気鋭のノンフィクションライター・甚野博則氏の新刊『ルポ 超高級老人ホーム』が話題だ。富裕層の聖域に踏み込んだ同書では、選ばれし者のみが入居する「終の棲家」を徹底取材している。同書の発売を記念した本稿では、暴力団取材のエキスパートであるライターの鈴木智彦氏が、財を成した暴力団員の「終活」に迫る。(取材・文:鈴木智彦、構成:ダイヤモンド社書籍編集局)
増え続ける「ひとり組長」
高齢者ヒットマンと破れかぶれの精神で抗争を戦えても、若さのない「若い衆」ばかりでは勢いがない。暴力団冬の時代もあって、かつてのような経済力も維持できない。
今までは老舗一家の総長にでもなれば、黙っていても金が転がり込んだ、が、もはや老舗の看板にあぐらをかいているだけでは飯が食えない。
内実、廃業スレスレの組織がかなりある。歴史のある名門一家ですら金に詰まって破綻する。
儲からない斜陽産業に人材は集まらないため、三次、四次団体をみると、若い衆のいない「ひとり組長」も増えている。
実数は分からぬが、取材の実感でいえば、おそらく「組長」と呼ばれる半分が若い衆を持っていないはずだ。
若い衆の自殺に「ニコニコ」
相応の若い衆が在籍していても、金儲けのうまい若い衆がいなければ上納金は集まらない。金がなければ、人も寄ってこない。悪循環から抜け出せず、自殺を選ぶ組長はかなりいる。
東京の繁華街に事務所を持っていた某組織の理事長(※関西でいう若頭。組織のナンバー2)が自殺したとき、私は組織のトップである会長と渋谷で飯を食っていた。野球賭博で大きな借金を作ったらしい。返せなくなって拳銃を咥え、引き金を引いたのだ。
他の若い衆が携帯に電話をかけてきて、自殺した理事長のバッグに100万程度の現金が残っていたと知った会長は「あいつ、まだけっこう金を持ってたんだな。これで今月はどうにかなった」とニコニコしていた。
彼には奥さんがいたが、親分は自殺した理事長の所持金さえ上納金として奪い取る気らしい。死を悼む言葉は一切なかった。暴力団にはこんなサイコ野郎がごろごろいる。
姐さん対組織暴力
自転車操業の組織では、親分が死んだ後、金で遺族と揉めるケースが年々増えている。
その一例として、組事務所の不動産相続がある。所有権が親分個人なら、土地や建物を相続するのは血族である正妻や実子だ。親分・子分の疑似血縁制度は民事訴訟でいっさい認められない。

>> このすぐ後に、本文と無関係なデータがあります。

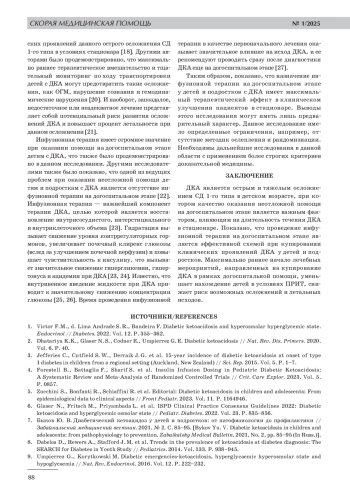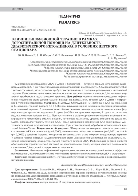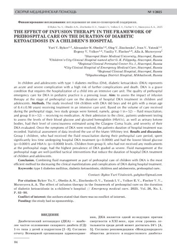 Статья: ВЛИЯНИЕ ИНФУЗИОННОЙ ТЕРАПИИ В РАМКАХ ДОГОСПИТАЛЬНОЙ ПОМОЩИ НА ДЛИТЕЛЬНОСТЬ ДИАБЕТИЧЕСКОГО КЕТОАЦИДОЗА В УСЛОВИЯХ ДЕТСКОГО СТАЦИОНАРА (2025)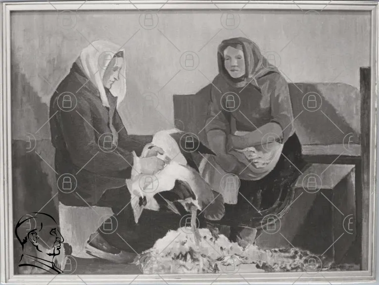 kvinnor, fåglar, arbete, tradition, landsbygd, svartvitt, porträtt, handarbete, kläder, natur, djur, kultur, historia, samarbete, rural, konst, sittande, stämning, gammaldags, höns, fågelhållning, hem, familj, gemenskap, livsstil, skådespel, uttryck, känslor, miljö, detaljer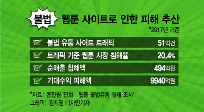 블록체인이 적용될 수 있는 가장 큰 영역 중 하나는 디지털 컨텐츠를 재창조하는 데 있다. 블록체인이 나오기 전엔 인터넷이 전세계를 연결시키는 망이었고, 지리적으로 분리된 사람들을 연결시키는 동시에 그 연결성을 활용해 수많은 혁신적인 사업들을 탄생시켰다. 그런데 이 인터넷 환경에서는 새로운 문제가 생겨났다. 바로 복제의 문제. 인터넷에 올라오는 0과 1로 구성된 모든 디지털 자료들은 아주 쉽게 복제가 가능해졌고, 그에 따라 아주 빠른 유통과 공유가 가능해졌다. 가장 쉽게는 웬툰, 그림, 음원, 게임 등 거의 모든 디지털 자료들이 쉽게 복제될 수 있게 됐다. 물론 유통이 원활해짐에 따라 시장이 확대되는 효과도 있었겠지만, 동시에 창작자의 권리가 침해되고 피해를 보는 경우도 더 많이 생겨났다. 그 단적인 예로서 웹툰의 불법복제 데이터를 다음 이미지를 통해 볼 수 있다.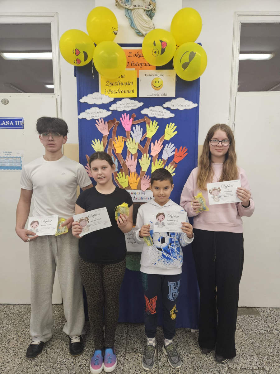 Już po raz kolejny w dniach 17 - 21 listopada obchodziliśmy w nasze szkole Światowy Dzień Życzliwości i Pozdrowień. Dzień Życzliwości i Pozdrowień to wspaniały moment do przypomnienia, ile w naszych codziennych relacjach znaczą proste słowa: proszę, dziękuję, przepraszam, dzień dobry, miłego dnia, a także jak cudowną i ciepłą atmosferę wprowadza serdeczny uśmiech na twarzy.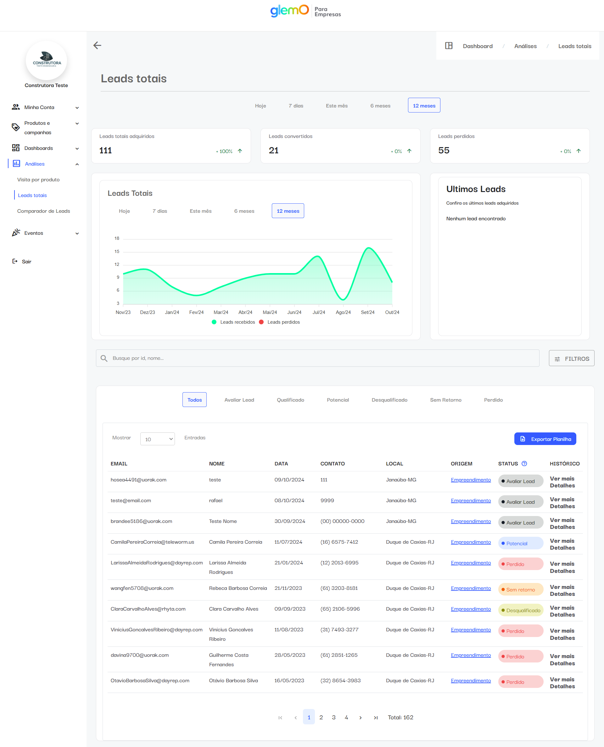 O menu Leads Totais oferece uma visão abrangente de todos os leads gerados em sua plataforma, permitindo uma análise detalhada e o acompanhamento efetivo das oportunidades de negócio.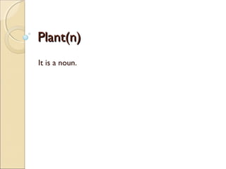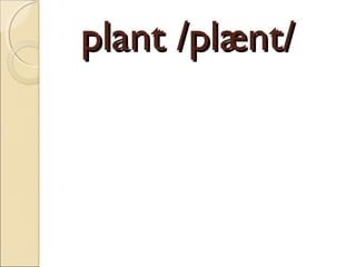 The document contains definitions and examples for several English words related to children and plants. It defines words like "plant", "pretty", "world", "little", "alone", "love", "when", "kindergarten", "pay", "grow", and "grow up". It provides the part of speech and definitions in both English and another language for each word. Examples are included to illustrate the meaning and proper usage of the words.

暴力団が金回りのいい時代なら後継者が代金を払い、遺族から買い戻せば済む。が、今はその金がなく事務所を失う。賃貸契約には必ず暴力団排除条項があり、騙し討ちで借りてもすぐに追い出される。将来を見据えて、幹部たちの共同名義にしている組織もあるが、それも揉め事の材料になる。
「任天堂創業家」が組事務所跡地を……
京都市五条楽園にあった会津小鉄会の巨大な組事務所は、分裂騒動で所有権トラブルが顕在化し、結局、売却せざるを得なかった。
その後不動産会社を転々とし、最終的に跡地を買ったのは、花札作りから会社を興した任天堂の創業家だ。
「運を天に任せる」という法人名を捨てない会社の創業家に買われたのだから、博徒たちも満足だろう。